START Recorded information
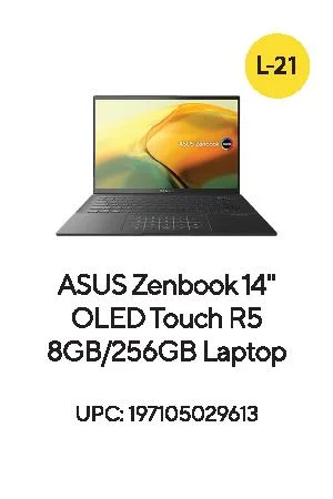 ASUS Zenbook 14” OLED Touchscreen Notebook, AMD Ryzen 5 7530U, 8GB, 256GB SSD, Windows 11
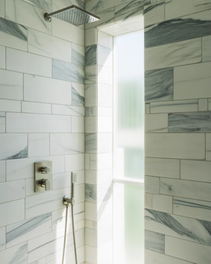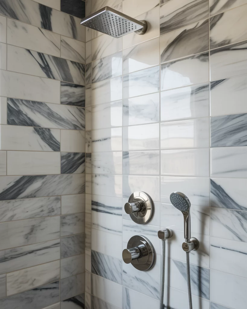 Combining gray and white marble tiles gives a soft, cloud-like ambiance. Perfect for a walk in shower with window, this palette plays beautifully with natural light. The gentle contrast keeps things classic and sophisticated, while the variation hides soap residue, making it low-maintenance. Add chrome or black hardware for a modern finish.
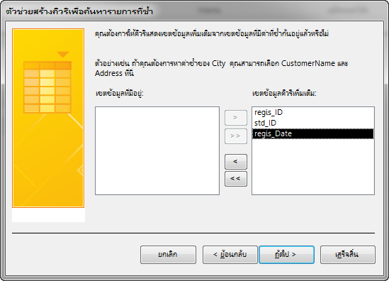 5. เลือกฟิลด์สำหรับโชว์ข้อมูลของฟิลด์ที่ซ้ำกัน ในตัวอย่างเลือกทุกฟิลด์ในตารางลงทะเบียน จากนั้นกด ถัดไป
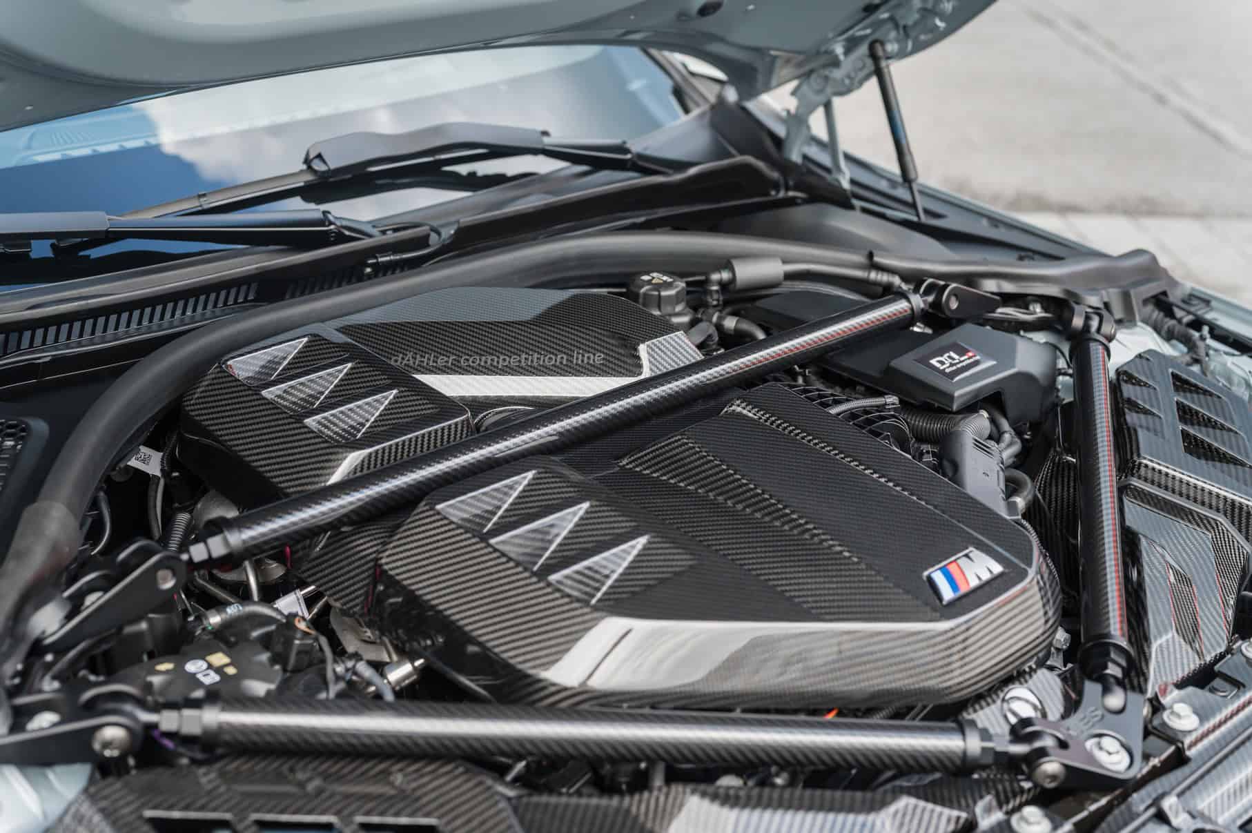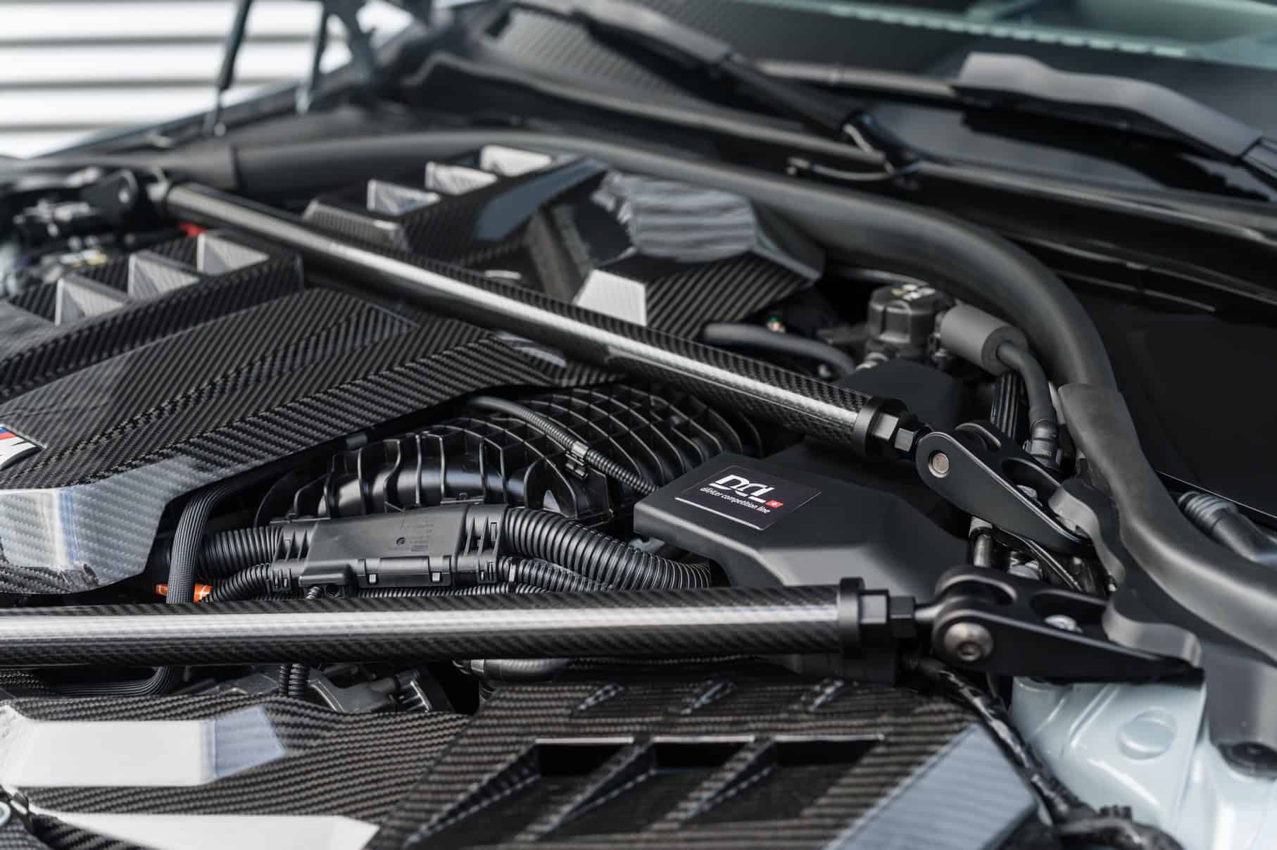 However, the pièce de résistance is unquestionably under the hood. Behind the carbon fiber engine cover is a modified S58 tuned to deliver 621 hp and 750 Nm (553 lb-ft) of torque. The twin-turbo 3.0-liter inline-six has received an Eventuri carbon fiber air intake, upgraded air filters, and a stainless-steel exhaust. The latter comes with quad 108-mm tips featuring black ceramic coating and flaps to alter the soundtrack on the fly.
END Recorded information
▶ **Your instructions**: An exact retyping of the material, minus the pictures, is the required answer.

▶ **Output**:
 ASUS Zenbook 14” OLED Touchscreen Notebook, AMD Ryzen 5 7530U, 8GB, 256GB SSD, Windows 11
 Combining gray and white marble tiles gives a soft, cloud-like ambiance. Perfect for a walk in shower with window, this palette plays beautifully with natural light. The gentle contrast keeps things classic and sophisticated, while the variation hides soap residue, making it low-maintenance. Add chrome or black hardware for a modern finish.
 5. เลือกฟิลด์สำหรับโชว์ข้อมูลของฟิลด์ที่ซ้ำกัน ในตัวอย่างเลือกทุกฟิลด์ในตารางลงทะเบียน จากนั้นกด ถัดไป
 However, the pièce de résistance is unquestionably under the hood. Behind the carbon fiber engine cover is a modified S58 tuned to deliver 621 hp and 750 Nm (553 lb-ft) of torque. The twin-turbo 3.0-liter inline-six has received an Eventuri carbon fiber air intake, upgraded air filters, and a stainless-steel exhaust. The latter comes with quad 108-mm tips featuring black ceramic coating and flaps to alter the soundtrack on the fly.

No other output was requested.